Level 2. Here educators call the above premises into question, asking whether traditional grading is really necessary or useful for assessing students’ performance. Alternative assessments, often designated as “authentic,” belong in this category. The idea here is to provide a richer, deeper description of students’ achievement. (Portfolios of students’ work are sometimes commended to us in this context, but when a portfolio is used merely as a means of arriving at a traditional grade, it might more accurately be grouped under Level 1.)

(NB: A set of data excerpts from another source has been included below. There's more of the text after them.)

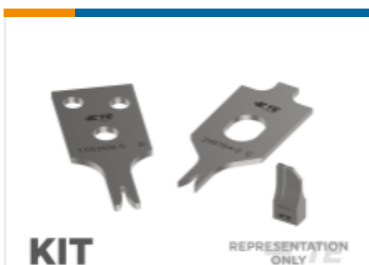
TE 产品编号7-2151321-7 OCEAN_2.0_SPARE_PART_KIT-140F190O180F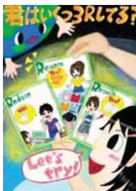
宮城県石巻市立住吉中学校3年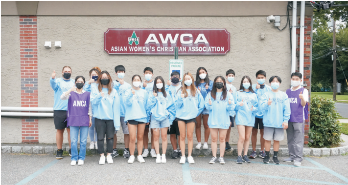
2021 SAT & ACT 장학 클래스 완료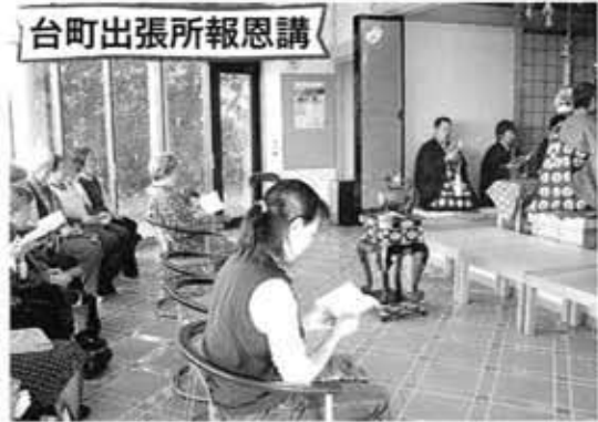
台町出張所報恩講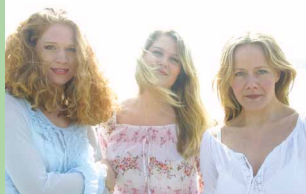
Opera i tiden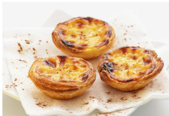
PASTEIS DE NATA - bułeczki z kremem budyniowym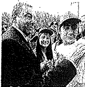
Il ministro Profumo

NAPOLI - Quattro milioni di euro sono stati stanziati dal Ministero dello Sport per la diffusione della pratica sportiva nelle scuole delle aree a rischio. E' questo l'accordo di programma sottoscritto ieri mattina dai ministri dello sport, Piero Gnudi, e dell'istruzione, Francesco Profumo, all'Istituto "Carlo Levi", a Napoli, nel quartiere di Scampia. Il contributo servirà ad ampliare i programmi di "Alfabetizzazione motoria" nella scuola primaria, proprio negli istituti che si trovano in aree periferiche e con alta presenza multietnica. Con un investimento di 2 milioni di euro verrà sostenuto il programma già avviato nel 2009 dal Miur e dal Coni e si coinvolgeranno altri 100mila studenti. Un milione di euro sono stati stanziati per un secondo progetto che riguarderà l'organizzazione delle finali nazionali dei Giochi Sportivi Studenteschi nelle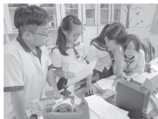
圖3 運用網路硬碟備份與傳輸資料（溝通互動：科技資訊與媒體素養）

(三)小組報告：獲勝小組的計畫案將作為全班實際校外教學之內容，且該小組可於週三下午由導師帶領進行實際場勘，且費用全數由導師負責，因此，學生求勝意願頗高，又為增加比賽的公平性，當天（106年5月19日）委由六位教師擔任評審，分數占比百分之六十，學生小組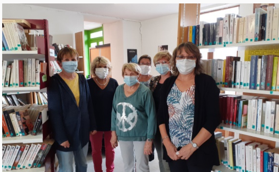
Une partie des bénévoles qui assurent le bon fonctionnement de la bibliothèque

En cette rentrée 2020, la bibliothèque municipale de Bas en Basset vous accueille la semaine du mardi au samedi. Les permanences sont assurées uniquement par une équipe de bénévoles qui s'organisent pour faire vivre et développer le service de lecture publique.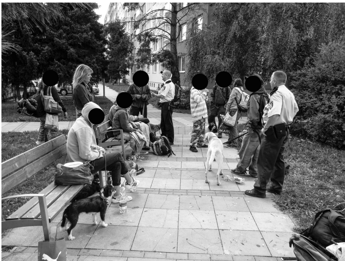
Fotografie č. 4: Informátoři vystěhování ze squatu za přítomnosti Městské policie Plzeň a České televize.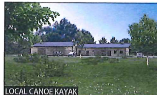
LOCAL CANOE KAYAK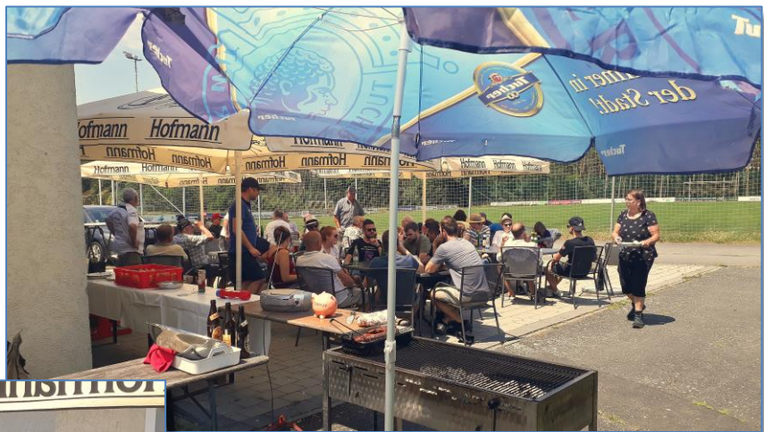
In geselliger Runde klang dann der Wandertag der SR-Gruppe aus.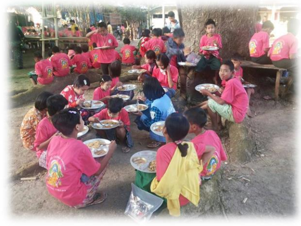
သာသနာပြုကလေးသူငယ်များ ...စာ (၁၅)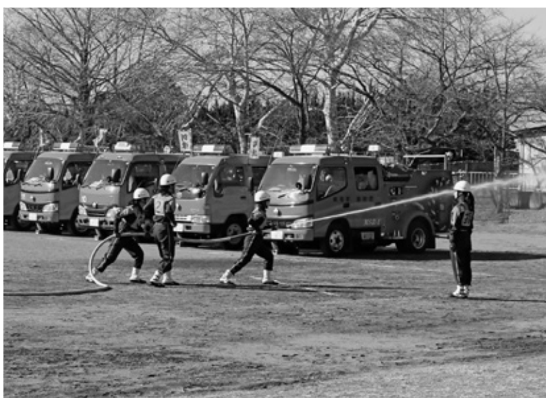
平成30年阿見町消防出初式の様子（1月6日）

問 町税徴収嘱託報酬が180万円減額になっているが、嘱託員は何人いるのか。また、徴収実績はどの程度ですか。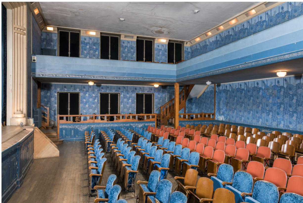
La salle, depuis la galerie côté jardin.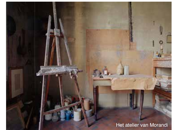
Het atelier van Morandi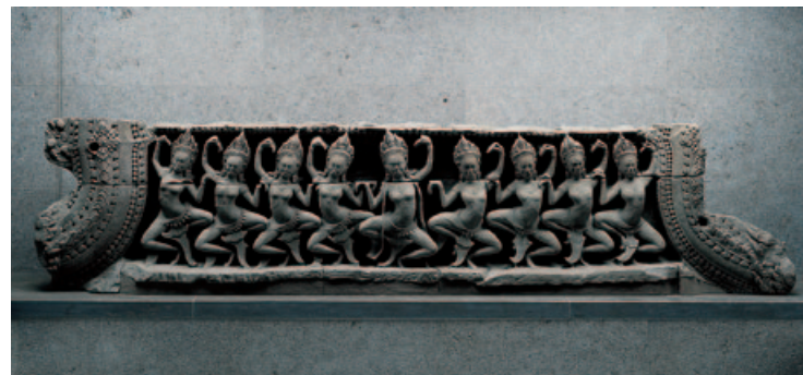
Dziewięć tańczących apsaras (Kambodża, epoka angkorska)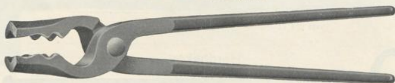
Figur D44. Kabelwort: Dammar .

Jede einzelne Zange faßt alle Bleche, Fasson-, Rund-, Vierkant- und Flacheisen usw. gleich sicher und fest. Die Zangen eignen sich auch gut zum Stauchen, so daß das lästige Wechseln wegfällt. Sie sind aus bestem Material geschmiedet, leicht und stabil und haben federnde Schenkel. 1 Satz genügt für jedes Schmiedefeuhr und ersetzt viele Spezialzangen.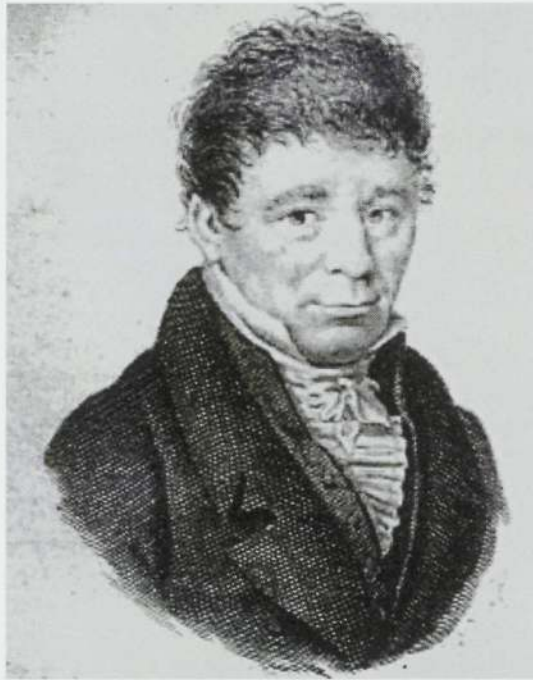
A.C.W. Staring, de dichter van de Wildenborch

Anthonie Christiaan Winand Staring werd geboren in 1767 in Gendringen. Hij studeerde zonder enige vorm van enthousiasme Rechten in Harderwijk dat er destijds een kleinschalig universiteitje op na hield. Na de rechtenstudie bekwaamde Staring zich met meer geestdrift in het buitenland in de landbouwwetenschap aan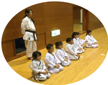
武道館けい古 30.9.28 大垣市武道館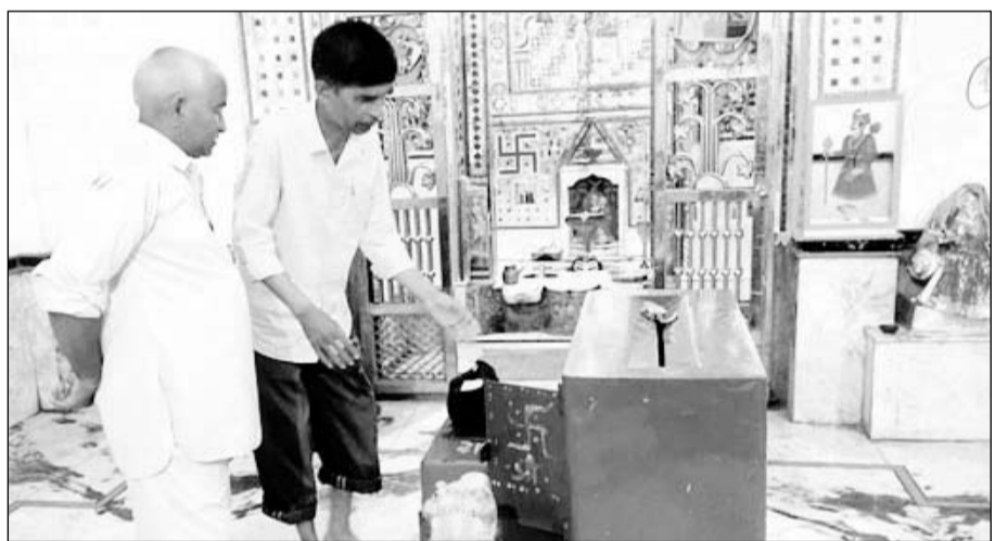
आसपुर क्षेत्र के कतिसौर स्थित कटकेश्वर महादेव में चोरी के बाद पुजारी ने जानकारी दी।

डूंगरपुर, (नि.सं.)। आसपुर पुलिस थाना क्षेत्र के कतिसौर कस्बे में स्थित कटकेश्वर महादेव मंदिर के दसवीं बार शुकुवार फिर ताले टूटे, लेकिन इस बार दानपेटी के ताले नहीं टूटने से चोरी को अंजाम नहीं दे सके।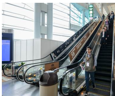
1. Escalator ad

* available for Hong Kong exhibitors only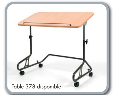
Table 378 disponible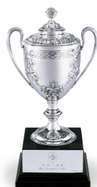
富衛保險冠軍一哩賽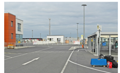
Die große Buswartehalle (rechts) am Terminal dient nur den Shuttlebussen zur Fähre. Die Stadtbusse fahren auf der anderen Seite des Vorplatzes ab.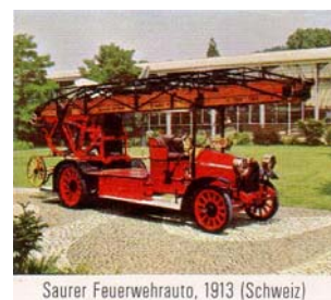
Saurer Feuerwehrauto, 1913 (Schweiz)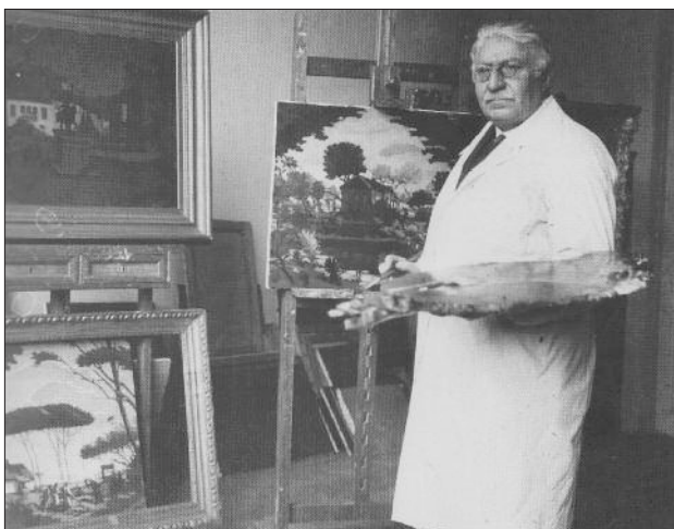
1. kép. Fényes Adolf a műtermében, 1929

A Nemzeti Galéria Fényes Adolf festőművész alkotásaiból kamarakiállítást rendezett „A csend képei” címmel a mester halálának 80. évfordulójára emlékezve. Fényes Adolf (születési nevén Fishmann Adolf) Kecskeméten született 1867-ben és Budapesten halt meg 1945-ben (1. kép).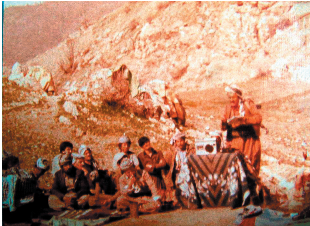
شهید جمیل ره‌نجبر له مراسیمی دهرچوونی خولی کادیران و دوهم سالپوژی شهیدبوونی (شهید نارام) دا ئه و شیعره ده‌خوینیتته‌وه که بق شهید نارامی نویسیوو، (۱۹۸۰/۱/۳۱) ناوزه‌نگ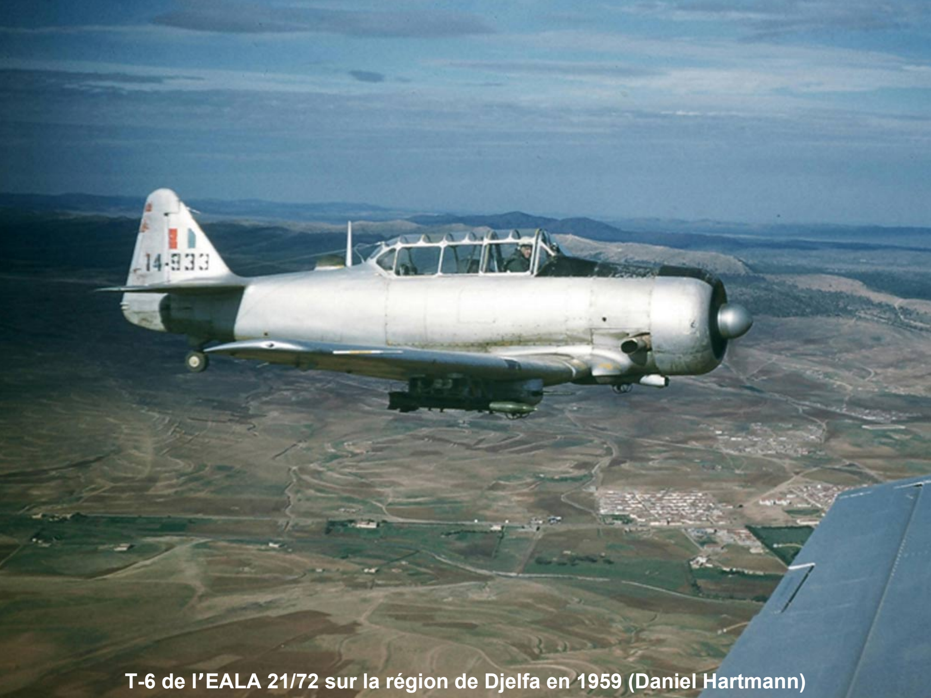
T-6 de l'EALA 21/72 sur la région de Djelfa en 1959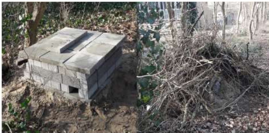
Figuur B3.2 Voorbeeld van een steenmartenverblijfplaats, met een fundering van stenen (links) en afgewerkt met takken (rechts).

Level 3. Rather than challenging grades alone, discussions at this level challenge the whole enterprise of assessment — and specifically why we are evaluating students as opposed to how we are doing so. No matter how elaborate or carefully designed an assessment strategy may be, the result will not be constructive if our reason for wanting to know how students are doing is itself objectionable.
Grading Rationale I: Sorting
One reason for evaluating students is to be able to label them on the basis of their performance and thus to sort them like so many potatoes. Sorting, in turn, has been criticized at each of the three levels, but for very different reasons. At Level 1, the concern is merely that we are not correctly dumping individuals into the right piles. The major problem with our high schools and colleges, the argument goes, is that they don’t keep enough students off the Excellent pile. (These critics don’t put it quite this way, of course; they talk about “grade inflation.”) Interestingly, most studies suggest that student performance does not improve when instructors grade more stringently and, conversely, that making it relatively easy to get a good grade does not lead students to do inferior work — even when performance is defined as the number of facts retained temporarily as measured by multiple-choice exams (Vasta and Sarmiento 1979, Abrami et al. 1980).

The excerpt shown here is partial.